Understanding the neural mechanisms underlying emotion recognition is as critical as achieving high model accuracy, especially for EEG-based studies where signal complexity and brain activity heterogeneity demand clear interpretability. Each frequency band of EEG signals is inherently linked to specific neurophysiological processes and emotional states: the theta band, tied to memory encoding, exhibits increased power in the frontal and temporal lobes during negative states such as anxiety and depression [35]; the alpha band, active during brain rest, shows elevated power in the occipital and parietal lobes under positive emotions like pleasure [36]; the beta band, associated with cognitive execution, displays enhanced activity in frontal and central regions during tension or excitement [37,38]; and the gamma band, a high-frequency component, strengthens in prefrontal and limbic areas under intense emotions such as fear [39].

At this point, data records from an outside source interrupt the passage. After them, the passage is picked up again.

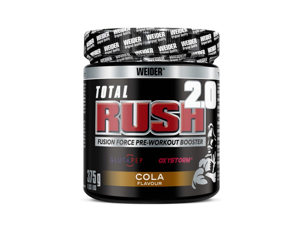 TOTAL RUSH2.0:doplněk stravy.Nápoj v prášku.Vhodný při fyzické zátěži,sportovních aktivitách,pro pokrytí výdajů při intenzivní svalové práci.Obsahuje kreatin,volné formy aminokyselin,kofein,extrakt ze zrn amarantu,prášek z listů rostliny gingko biloba,vitamíny,minerály a další složky(viz složení).Se sladidly.
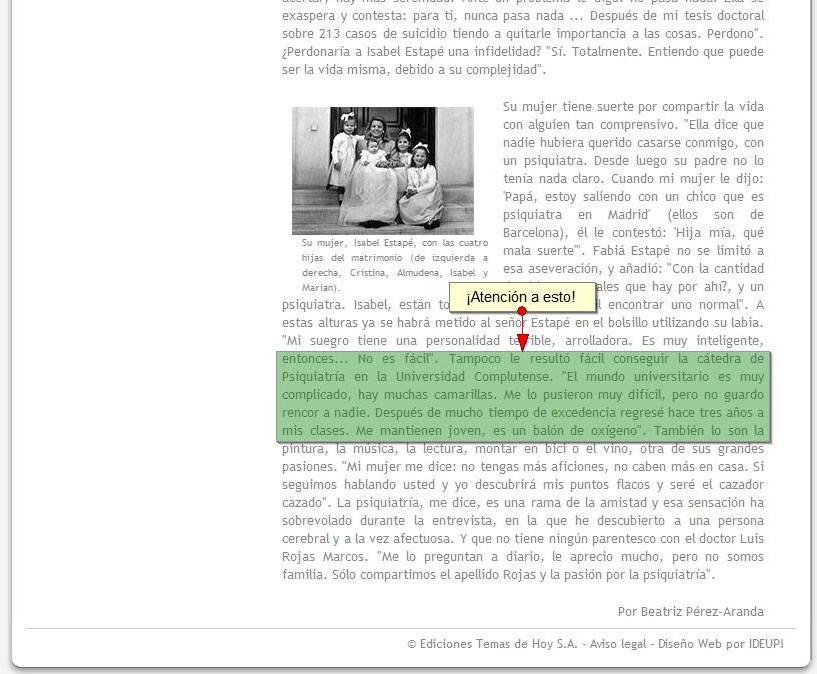 Concretamente, a este impostor «catedrático de Psiquiatría de la Universidad Complutense de Madrid» desde 1984 llamado Enrique Rojas, al que ningún juzgado ha investigado y a mí que no soy aristócrata, sino ciudadana de a pie sin relevancia alguna, me ha costado más de 13 años sentarlo en un banquillo de lo penal, para conseguir que se le juzgue y se le está juzgando sólo por una nimiedad de lo que hizo, sin contemplar que lleva ya 27 años llenando su consulta de personas en situación de «carne de cañón» que pagan su caché porque piensan están en manos «del catedrático de la UCM y su equipo», cuando están en manos de un estafador y un equipo de encubridores, que además se dedica a denigrar a la ciencia todo lo posible, http://www.opuslibros.org/nuevaweb/modules.php?name=News&file=article&sid=5427
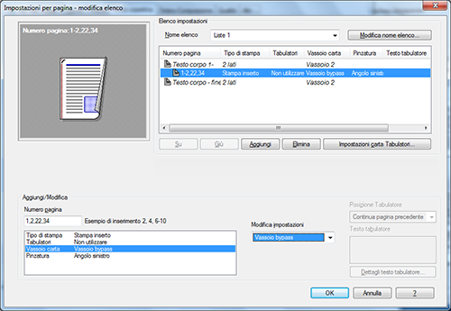 La pinzatura centrale è abilitata per la finitura tipo opuscolo.
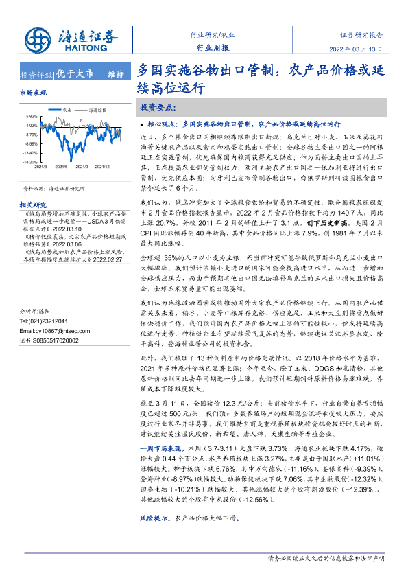 【海通证券】【20220313】20220313-海通证券-农业行业周报:多国实施谷物出口管制,农产品价格或延续高位运行-4页

Given that emotional states reshape EEG frequency band energy and spatial patterns, this section focuses on unveiling how EEG features encode emotional states across these frequency bands and brain regions, and on how the model’s design (e.g., feature fusion and multi-scale convolution) captures these patterns to support reliable emotion decoding. By analyzing the spatial distribution and cross-band characteristics of key features (DE, PSD) and the model’s multi-scale processing, we aim to: clarify how DE and PSD features complement each other in representing emotional brain activity, leveraging their respective strengths in capturing subtle energy variations (DE) and overall regional energy distribution (PSD); demonstrate how the Inception structure’s multi-scale convolutional branches extract cross-band EEG patterns, bridging fine-grained spatial details and macro-level energy dynamics across frequency bands; provide a neurophysiologically grounded explanation for the model’s performance, linking feature representations to known emotional neural mechanisms (e.g., frontal-temporal activation in negative emotions). These analyses not only validate the rationality of our feature engineering and model design but also offer insights into the interplay between emotional states and EEG frequency/spatial patterns—ultimately enhancing the credibility and explanatory power of our emotion recognition framework.

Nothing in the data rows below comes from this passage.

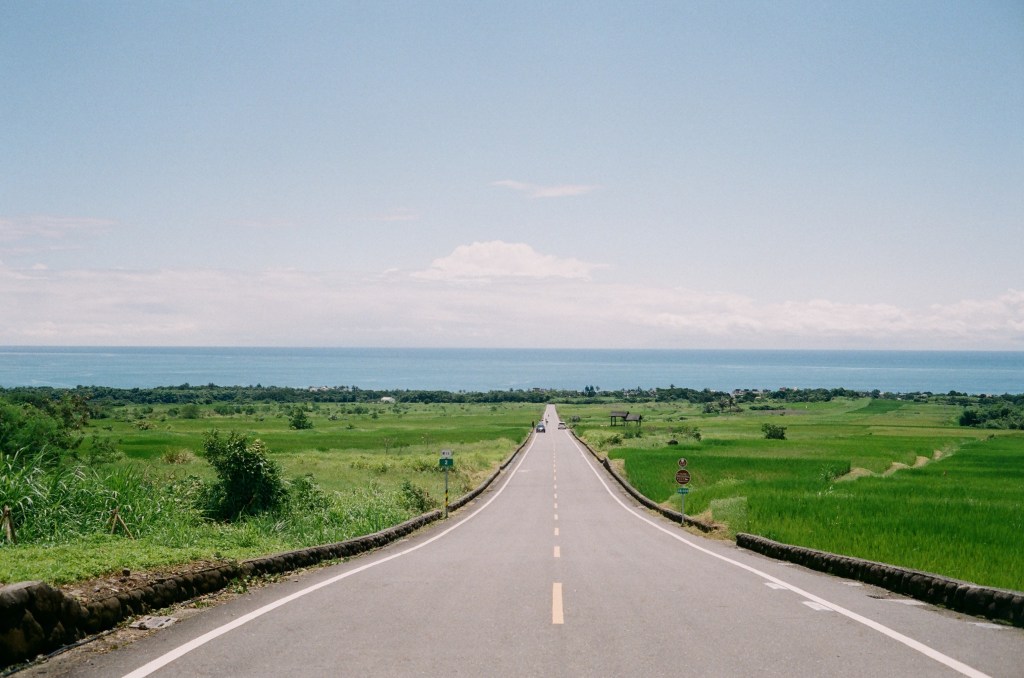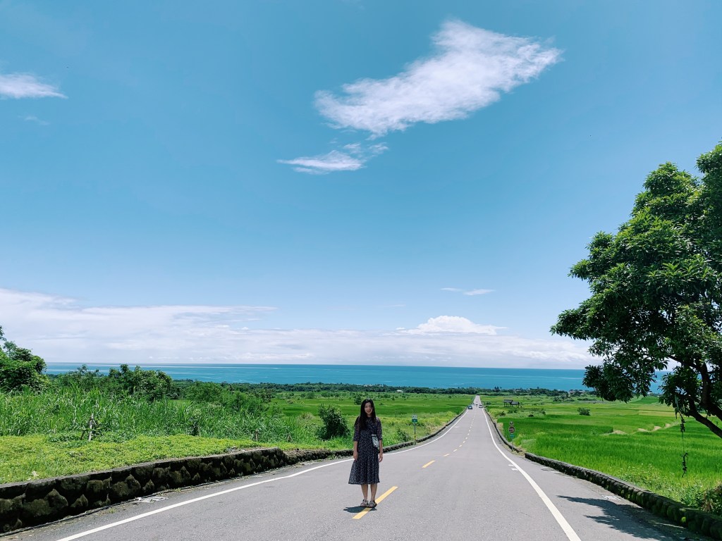 依依不捨的離開這個美好的住宿,我們開著車到附近的金剛大道. 這裡被稱為東海岸的伯朗大道,不過這裡除了田野還有山和海. 今天的天氣就是我所期待的,陽光照射在金黃色的梯田上,田野的稻穗隨著風飄動著. 長長的公路通向太平洋,海天一線的藍呈現不同顏色的層次,回頭可以看到後面的金剛山,被厚實的雲覆蓋著. 依山傍海的絕佳美景就是我對長濱如此喜愛的地方.
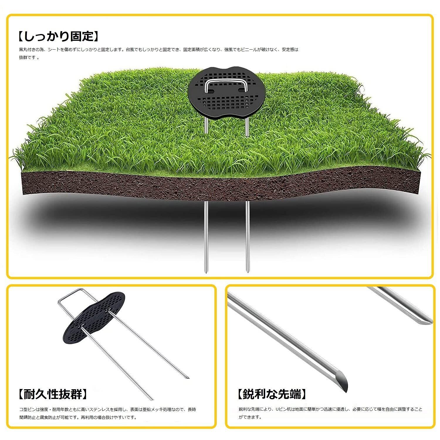 【広範囲な用途】防草シート、農業用防虫ネット、マルチ、灌水ホース、不織布、ビニールマルチ、各種シート・マット等の園芸用品をしっかり地面に固定させる押さえピンです。 ガーデニング・農業・庭用だけでなく、キャンプの時テントの固定ピンとしておすすめします 。
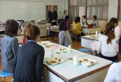 PTA主催の給食試食会、料理講習会を家庭科室で開催しました。
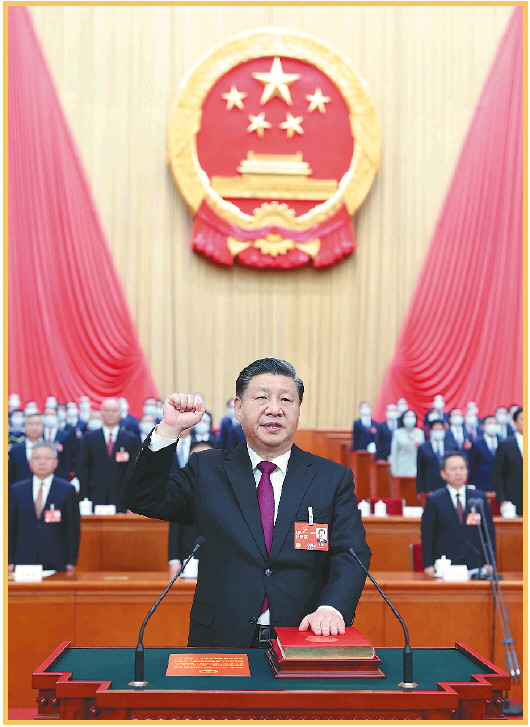3月10日,十四届全国人大一次会议在北京人民大会堂举行第三次全体会议。习近平全票当选中华人民共和国主席、中华人民共和国中央军事委员会主席。这是习近平进行宪法宣誓。 新华社发
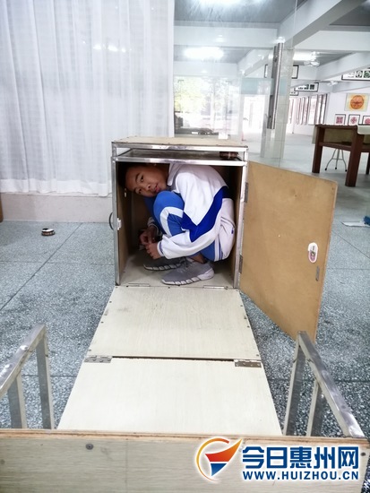 可防地震、可当书桌使用、可当床使用……一款由惠州市第一中学初中部八年级(6)班学生汤宝杰发明的防火防震多功能课桌日前在第十届国际发明展览会亮相,获得评委们的一致认可,荣获大会金奖。

4.1. DE and PSD Feature Fusion and Spatial Differences in EEG Bands

In EEG signals across frequency bands, DE and PSD features exhibit distinct yet complementary characteristics in representing emotional states across EEG frequency bands. Using the averaged EEG topographic maps of all subjects as a representative case (Figure 9), we systematically compare their spatial distribution disparities via topographic mapping. Color scales use red for high activation and blue for low activation.

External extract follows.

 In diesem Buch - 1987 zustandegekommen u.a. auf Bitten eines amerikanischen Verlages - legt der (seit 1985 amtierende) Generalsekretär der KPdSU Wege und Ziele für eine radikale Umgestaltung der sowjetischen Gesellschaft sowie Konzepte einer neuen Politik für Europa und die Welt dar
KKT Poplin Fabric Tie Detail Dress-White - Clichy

Based on the group-average multi-band EEG feature topographic maps, in the theta band, DE features exhibit discrete red-blue interleaving on topographic maps, sensitively capturing subtle energy differences in frontal and temporal lobes; in contrast, PSD topographs show predominantly reddish tones, visually emphasizing enhanced energy in these regions. For the alpha band, DE features are dominated by blue with only minor local variations, while PSD features highlight bilateral temporal-frontal activation through prominent red regions. In the beta band, DE features present complex red-blue distributions on topographs, precisely reflecting inter-regional energy dynamics, whereas PSD features use vivid red shading to accentuate high-energy levels in key functional areas such as the frontal and temporal lobes. Within the gamma band, DE features accurately localize focal energy changes in specific brain regions, while PSD features strongly emphasize high-energy activity in frontal and temporal areas.

DE and PSD features differ in their emphasis on brain activity: DE is sensitive to subtle local energy variations, while PSD focuses on overall regional energy distribution. Their fused representation successfully integrates these complementary strengths, offering richer and more comprehensive information about brain activity across frequency bands and brain regions compared to single features.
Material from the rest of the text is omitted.